### WORK TO COMPLETE
Find the line with "You can even" in the entries below. Repeat it, every following line, and the line with "睢宁县高作中心卫生院全景", exactly and with nothing added.

Excerpts from a dataset
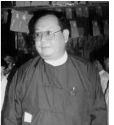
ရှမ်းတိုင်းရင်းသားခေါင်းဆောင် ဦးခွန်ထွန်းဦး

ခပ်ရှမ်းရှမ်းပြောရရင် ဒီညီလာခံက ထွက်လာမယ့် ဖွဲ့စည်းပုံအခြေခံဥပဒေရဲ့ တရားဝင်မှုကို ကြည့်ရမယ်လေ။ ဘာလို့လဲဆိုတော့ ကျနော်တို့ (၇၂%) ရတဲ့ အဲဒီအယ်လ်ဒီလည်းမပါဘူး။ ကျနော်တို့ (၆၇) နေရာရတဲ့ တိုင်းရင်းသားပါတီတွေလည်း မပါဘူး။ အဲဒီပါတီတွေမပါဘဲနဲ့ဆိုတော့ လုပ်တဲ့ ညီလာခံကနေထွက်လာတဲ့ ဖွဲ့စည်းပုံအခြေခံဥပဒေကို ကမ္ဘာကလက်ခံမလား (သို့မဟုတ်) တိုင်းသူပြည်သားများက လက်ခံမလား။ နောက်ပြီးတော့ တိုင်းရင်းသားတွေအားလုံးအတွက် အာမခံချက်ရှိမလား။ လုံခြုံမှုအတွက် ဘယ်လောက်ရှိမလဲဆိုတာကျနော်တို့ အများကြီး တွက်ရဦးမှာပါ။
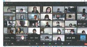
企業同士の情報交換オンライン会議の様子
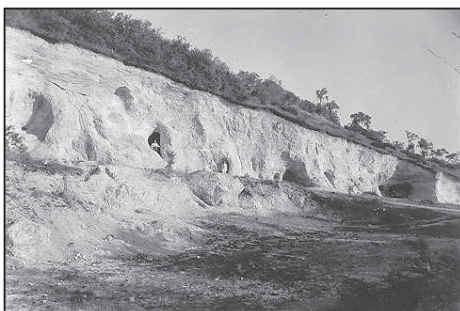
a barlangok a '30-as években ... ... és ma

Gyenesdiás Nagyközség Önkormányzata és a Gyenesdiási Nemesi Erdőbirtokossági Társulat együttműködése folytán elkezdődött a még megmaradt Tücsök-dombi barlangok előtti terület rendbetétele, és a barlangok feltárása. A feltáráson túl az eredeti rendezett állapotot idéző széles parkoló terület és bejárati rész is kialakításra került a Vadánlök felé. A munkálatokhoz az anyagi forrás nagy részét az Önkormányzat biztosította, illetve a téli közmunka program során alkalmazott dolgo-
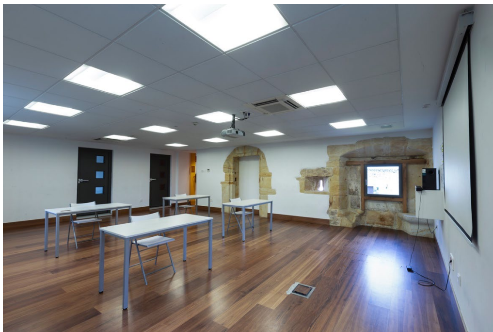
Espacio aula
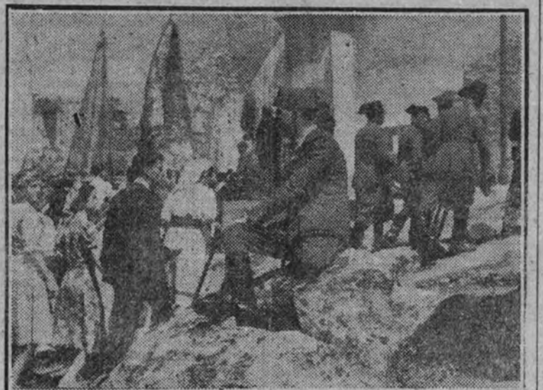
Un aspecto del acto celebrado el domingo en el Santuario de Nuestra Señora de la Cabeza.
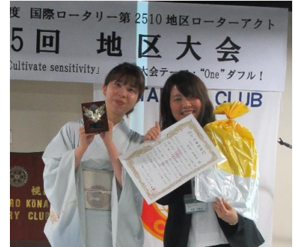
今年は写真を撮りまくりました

* * *

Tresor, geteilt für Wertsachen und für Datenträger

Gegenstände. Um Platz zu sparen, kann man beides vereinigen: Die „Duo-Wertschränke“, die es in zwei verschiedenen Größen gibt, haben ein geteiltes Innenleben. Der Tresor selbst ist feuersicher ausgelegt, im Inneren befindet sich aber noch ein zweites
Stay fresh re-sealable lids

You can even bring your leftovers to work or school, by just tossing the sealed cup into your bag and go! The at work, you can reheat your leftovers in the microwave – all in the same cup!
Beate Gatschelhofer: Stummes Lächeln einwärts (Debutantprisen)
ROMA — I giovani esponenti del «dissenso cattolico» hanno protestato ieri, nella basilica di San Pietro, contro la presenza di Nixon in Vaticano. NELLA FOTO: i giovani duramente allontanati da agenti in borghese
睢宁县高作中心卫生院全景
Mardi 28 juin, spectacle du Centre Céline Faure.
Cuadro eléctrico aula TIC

### PROBLEM SOLUTION
You can even bring your leftovers to work or school, by just tossing the sealed cup into your bag and go! The at work, you can reheat your leftovers in the microwave – all in the same cup!
Beate Gatschelhofer: Stummes Lächeln einwärts (Debutantprisen)
ROMA — I giovani esponenti del «dissenso cattolico» hanno protestato ieri, nella basilica di San Pietro, contro la presenza di Nixon in Vaticano. NELLA FOTO: i giovani duramente allontanati da agenti in borghese
睢宁县高作中心卫生院全景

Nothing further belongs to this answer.